**RECORDS FOR THE EXERCISE**
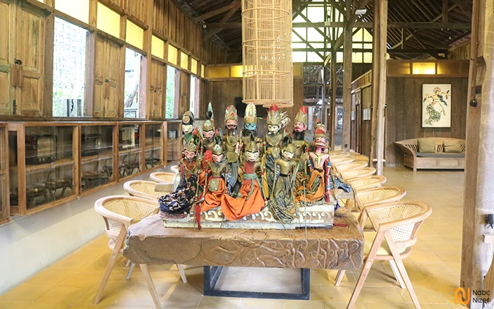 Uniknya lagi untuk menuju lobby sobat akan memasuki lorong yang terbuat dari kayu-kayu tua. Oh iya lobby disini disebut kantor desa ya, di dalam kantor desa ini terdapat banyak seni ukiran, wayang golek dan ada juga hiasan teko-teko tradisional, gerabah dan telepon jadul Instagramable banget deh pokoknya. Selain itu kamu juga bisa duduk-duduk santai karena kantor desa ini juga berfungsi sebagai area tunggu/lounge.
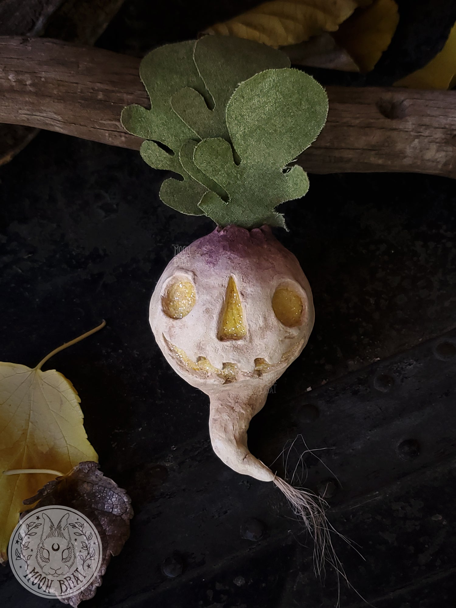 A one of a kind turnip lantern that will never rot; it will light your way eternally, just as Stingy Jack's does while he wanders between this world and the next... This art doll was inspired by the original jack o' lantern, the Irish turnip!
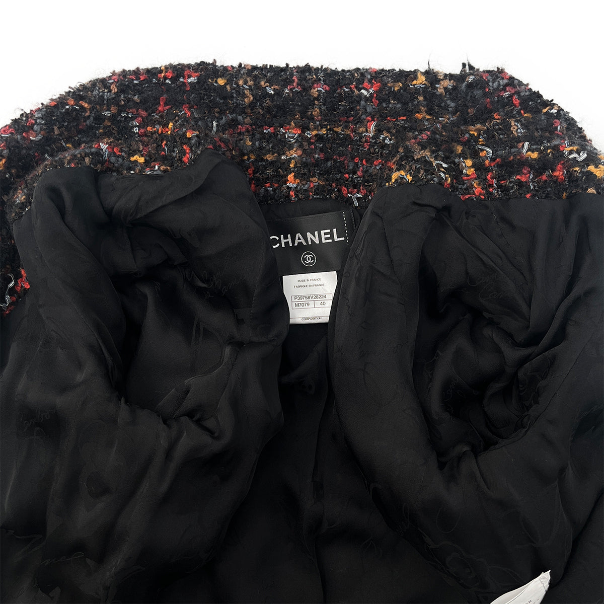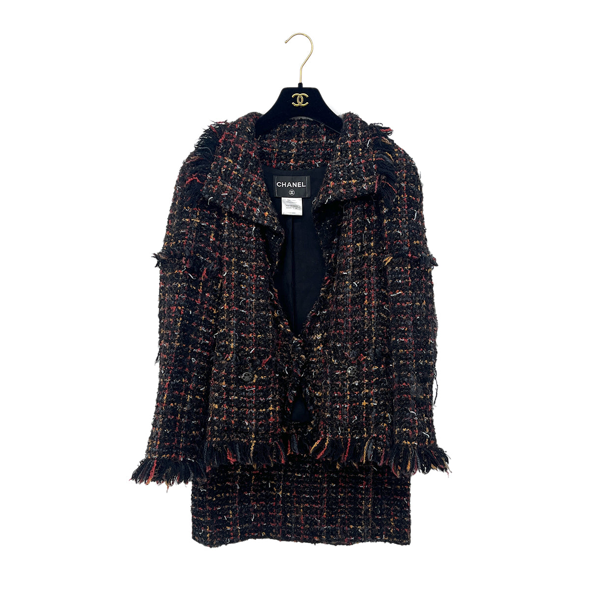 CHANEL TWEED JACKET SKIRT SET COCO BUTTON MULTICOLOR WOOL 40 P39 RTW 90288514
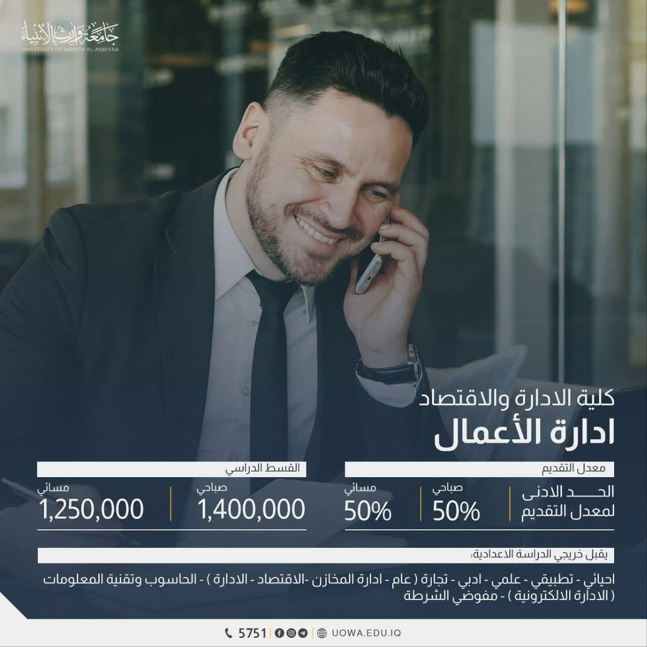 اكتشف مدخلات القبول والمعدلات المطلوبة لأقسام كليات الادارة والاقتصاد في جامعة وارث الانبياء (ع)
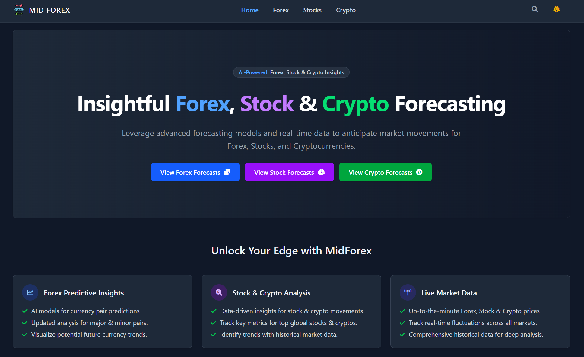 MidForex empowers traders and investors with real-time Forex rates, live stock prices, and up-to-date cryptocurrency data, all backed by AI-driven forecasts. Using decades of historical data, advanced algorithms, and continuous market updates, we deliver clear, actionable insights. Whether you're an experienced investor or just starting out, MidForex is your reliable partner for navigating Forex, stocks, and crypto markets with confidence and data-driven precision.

* * *

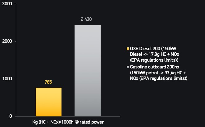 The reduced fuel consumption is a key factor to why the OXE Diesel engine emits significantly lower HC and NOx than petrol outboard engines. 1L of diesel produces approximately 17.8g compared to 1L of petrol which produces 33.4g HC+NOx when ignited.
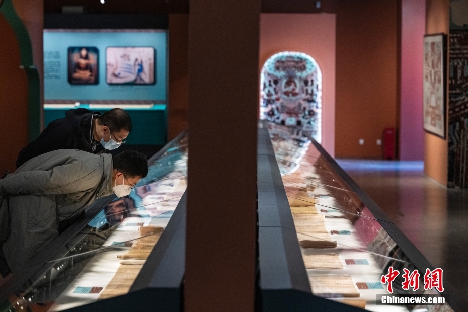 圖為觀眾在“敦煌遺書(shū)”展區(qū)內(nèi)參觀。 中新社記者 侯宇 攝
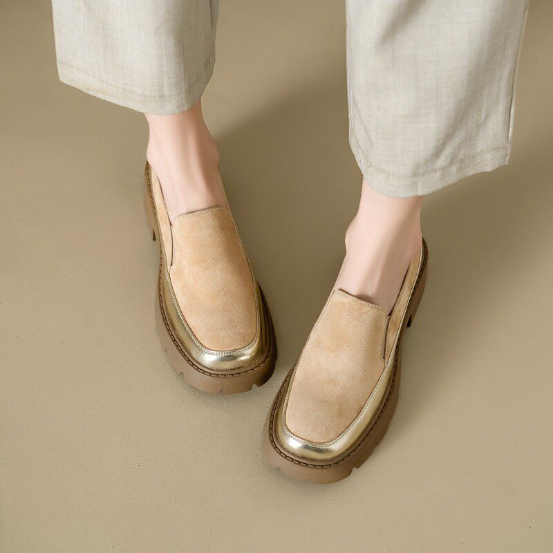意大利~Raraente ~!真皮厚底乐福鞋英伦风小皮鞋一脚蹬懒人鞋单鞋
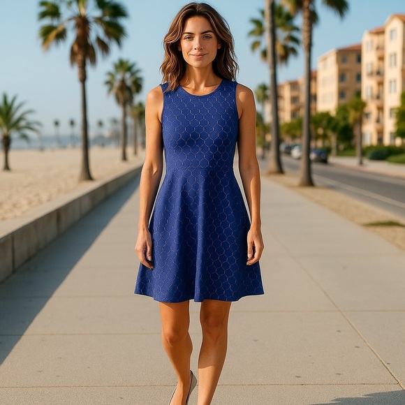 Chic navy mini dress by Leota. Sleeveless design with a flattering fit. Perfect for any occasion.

---

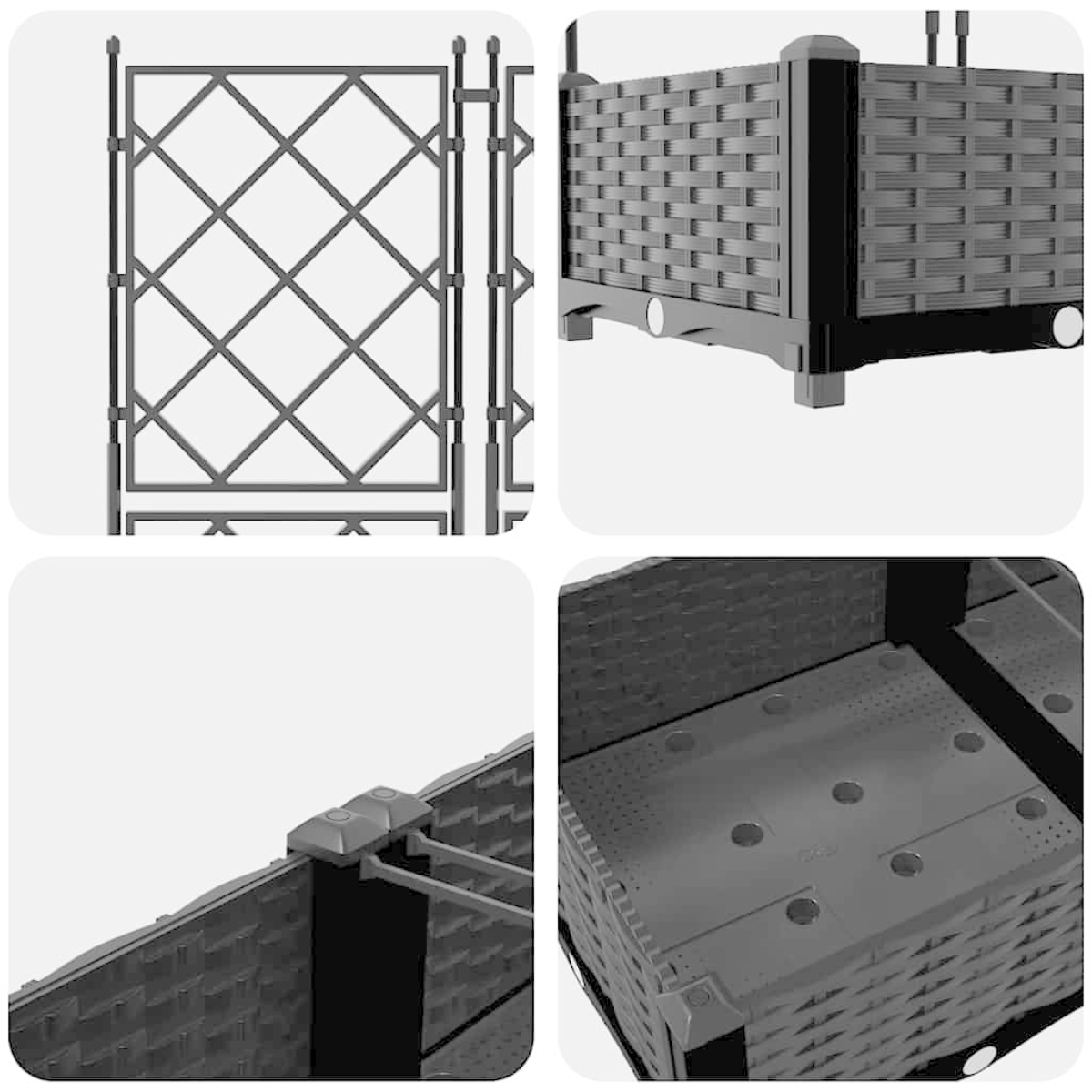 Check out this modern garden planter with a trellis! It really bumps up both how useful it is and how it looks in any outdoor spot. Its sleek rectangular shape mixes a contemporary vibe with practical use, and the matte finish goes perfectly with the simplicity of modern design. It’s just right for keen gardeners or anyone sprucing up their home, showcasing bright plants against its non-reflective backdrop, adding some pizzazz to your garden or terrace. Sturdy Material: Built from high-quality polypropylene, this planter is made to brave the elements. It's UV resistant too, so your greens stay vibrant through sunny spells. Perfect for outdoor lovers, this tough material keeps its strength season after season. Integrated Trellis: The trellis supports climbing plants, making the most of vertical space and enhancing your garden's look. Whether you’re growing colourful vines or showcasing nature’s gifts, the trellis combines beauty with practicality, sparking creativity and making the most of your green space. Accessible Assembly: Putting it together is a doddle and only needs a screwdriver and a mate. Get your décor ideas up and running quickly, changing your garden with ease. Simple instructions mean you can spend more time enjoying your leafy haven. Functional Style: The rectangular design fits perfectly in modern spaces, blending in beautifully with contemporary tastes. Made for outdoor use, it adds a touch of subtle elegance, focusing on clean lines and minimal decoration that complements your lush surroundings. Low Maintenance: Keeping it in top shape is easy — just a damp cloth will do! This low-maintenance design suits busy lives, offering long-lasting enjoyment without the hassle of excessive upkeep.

**PROBLEM TO SOLVE**
Transcribe only this stretch of the data: the line with "意大利~Raraente ~!真皮厚底乐福鞋英伦风小皮鞋一脚蹬懒人鞋单鞋", the line with "Chic navy mini", and every line in between. Leave out the pictures.

**OUTPUT FOR THIS EXERCISE**
意大利~Raraente ~!真皮厚底乐福鞋英伦风小皮鞋一脚蹬懒人鞋单鞋
 Chic navy mini dress by Leota. Sleeveless design with a flattering fit. Perfect for any occasion.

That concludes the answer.